Specifically, this is the advent of a holistic yet highly federated digital workplace. Essentially, the core concept is a digital workplace as platform. It typically consists of contextual app integration contained within a digital workplace hub that is then enabled by a robust and vibrant app ecosystem. In other words, it's an integrated, consistent, and deeply connected user experience that often tracks work context, centralized notifications, single sign-on, and federated search as it works seamlessly with our apps and our data, and is usable from a single digital touchpoint of our choosing.

This platform trend has been further accelerated by a related "new" user experience technology known as conversational user experiences, aka smart chatbots. Bots, combined with even more advances on the horizon, provides further motivation for a new model as the digital workplace is also about to be challenged, disrupted, and extended by many new technologies: Integrated artificial intelligence (so-called cognitive collaboration), control and management of the Internet of Things, and soon truly immersive digital experience such as virtual and augmented reality.

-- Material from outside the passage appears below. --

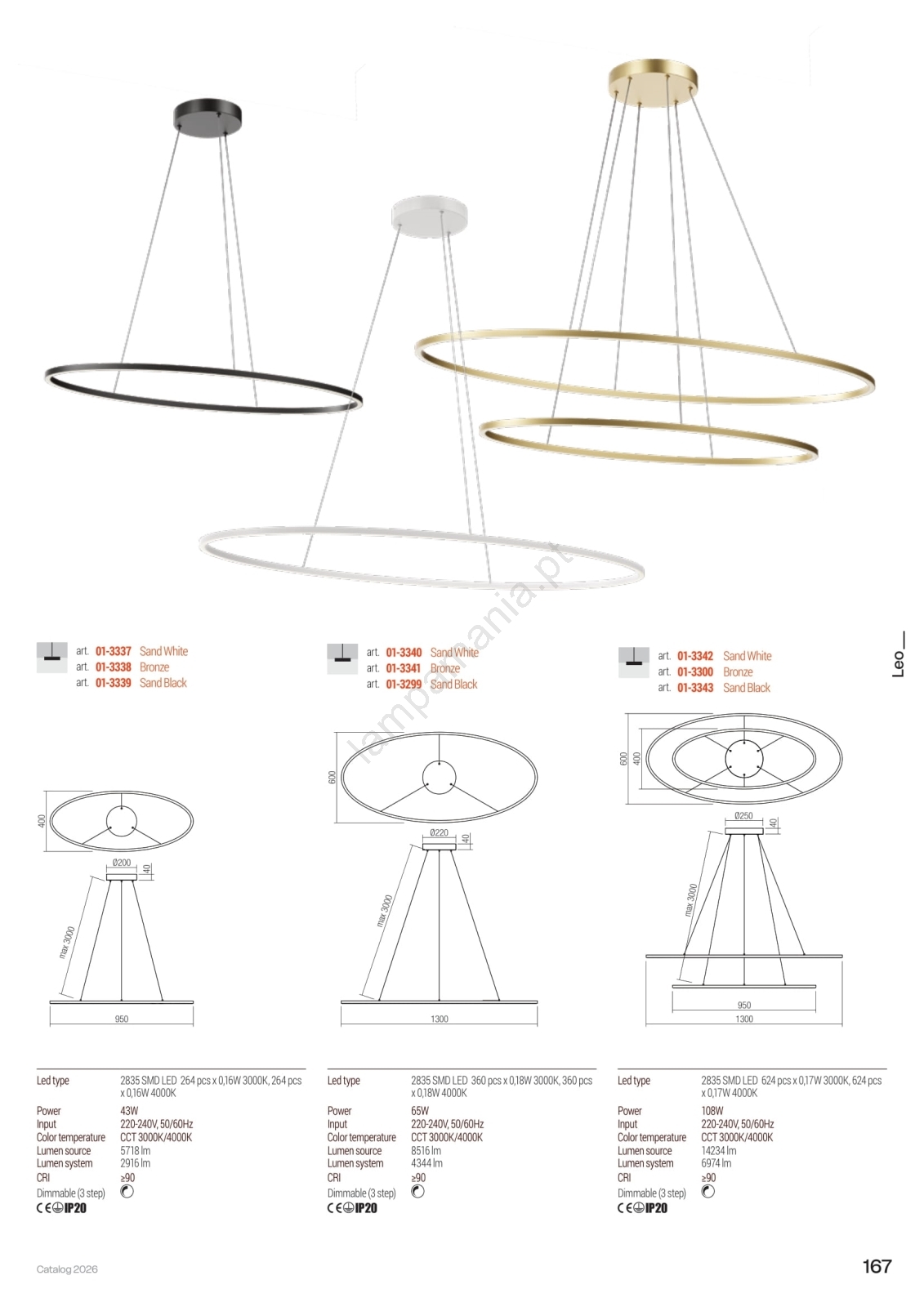 • Redo 01-3342 - Lustre LED dimerizável suspenso por cabo LEO LED/115W/230V 3000/4000K CRI 90 60x130 cm branco

This pile-on of new advances is requiring more market response than any single vendor could possibly provide, making digital workplace hub as platform a particularly powerful and timely concept.

The confluence of these trends has created an opportunity for a new type of digital workplace that until recently was not really possible: A digital work foundation that is a) open and deeply integrated, and -- this is the real success factor -- b) is backed by a working ecosystem of application partners that's sufficiently large enough to provide enough off-the-shelf app integrations to create significant additional business value to most workers. Without the second piece, advances like OpenSocial never took off: The potential to build a deeply integrated digital workplace around a hub was certainly there, but limited capabilities without hand-tooled integration work and extensive customization, further choked by a poor or absent app ecosystem, made it a non-starter in practical terms.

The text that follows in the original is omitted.